Islamic law requires followers to eat a halal diet, which prohibits certain animals, such as pig, to be eaten, and requires animals to be slaughtered in a particular manner. Halal foods also cannot come into contact with non-halal foods.
In the past, the corrections department gave Muslim inmates kosher meals, which they are permitted to eat; however, that practice stopped in October 2014 when the Muslim inmates were switched onto the general population meal plan. The county maintains the meals are compliant with Islamic law.

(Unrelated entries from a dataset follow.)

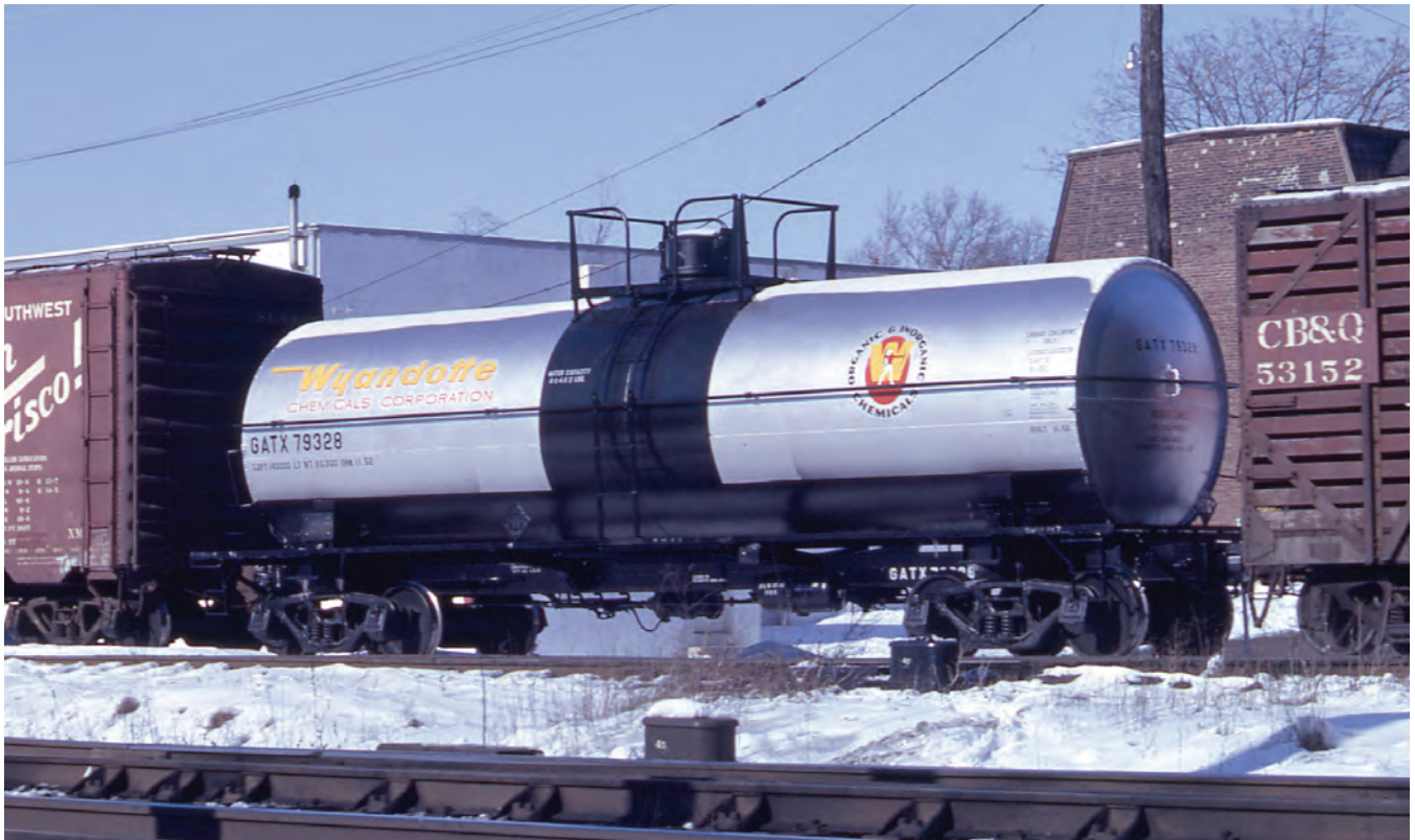
General American built this 10,500-gallon pressure car in 1952. It's leased to Wyandotte Chemicals and carrying chlorine. The 70-ton car has a coating of snow atop it in this 1962 view. J. David Ingles

size (30- or 40-ton capacity) were common. These cars often stood out in trains because of their small diameters compared to typical 8,000- and 10,000-gallon general purpose tank cars. Even after larger (10,500-gallon, 50-ton) cars began appearing in the 1940s, many smaller cars were built and remained in service into the 1960s and later, serving customers who didn't require larger shipments. Size is a spotting feature of chlorine cars, as they are much smaller than pressure cars carrying LPG or anhydrous ammonia, both of which have about half the density of chlorine.
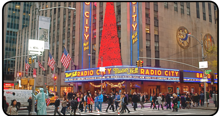
NEW YORK CITY DECEMBER 1-4

ALSO: SOUTHWESTERN ONTARIO MYSTERY TOUR - JUNE 26-27 TOUR COORDINATOR: EARL CLINT
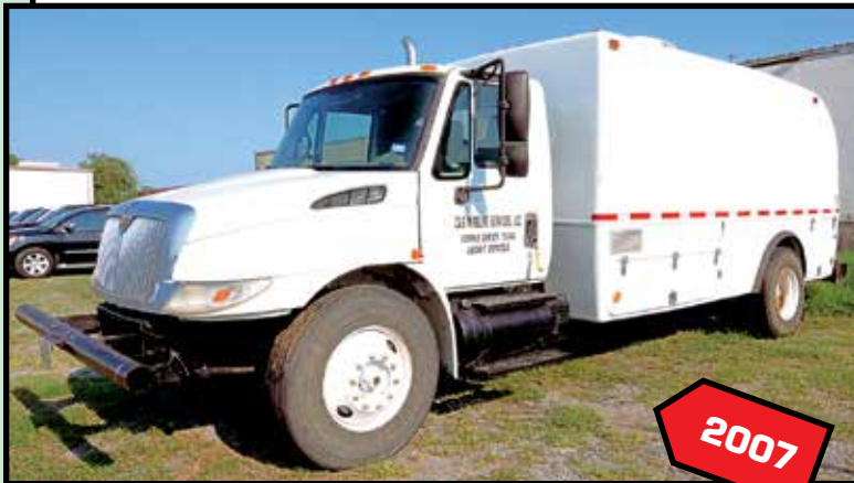
INTERNATIONAL 4300 SERIES WIRELINE TRUCK
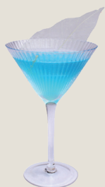
Jeju Island 13.5

58&Co Apple & Hibiscus Gin Pear Honey & Lime

“The MCDR Food Services Bureau has worked closely with the Imam S. Nassimia, to ensure that the faith-based dietary requirements of the Islamic faith are met for Muslim inmates,” said a 2014 memo from MCDR. “The imam has reviewed the purchasing practices of the Food Services Bureau and has approved the menus listed above as meeting the faith-based dietary requirements for Muslim inmates.”
The switch to general population meals resulted in dozens of inmates contacting the ACLU of Florida and CAIR Florida, which filed formal grievances against the county's corrections department. The two groups have also worked to resolve the issue administratively over the past few months, according to a media release.
The lawsuit was brought on behalf of four inmates, who represent all Muslim individuals detained at MDCR jails as a class. The suit names Miami-Dade County, MDCR director Marydell Guevara and several other county officials as defendants.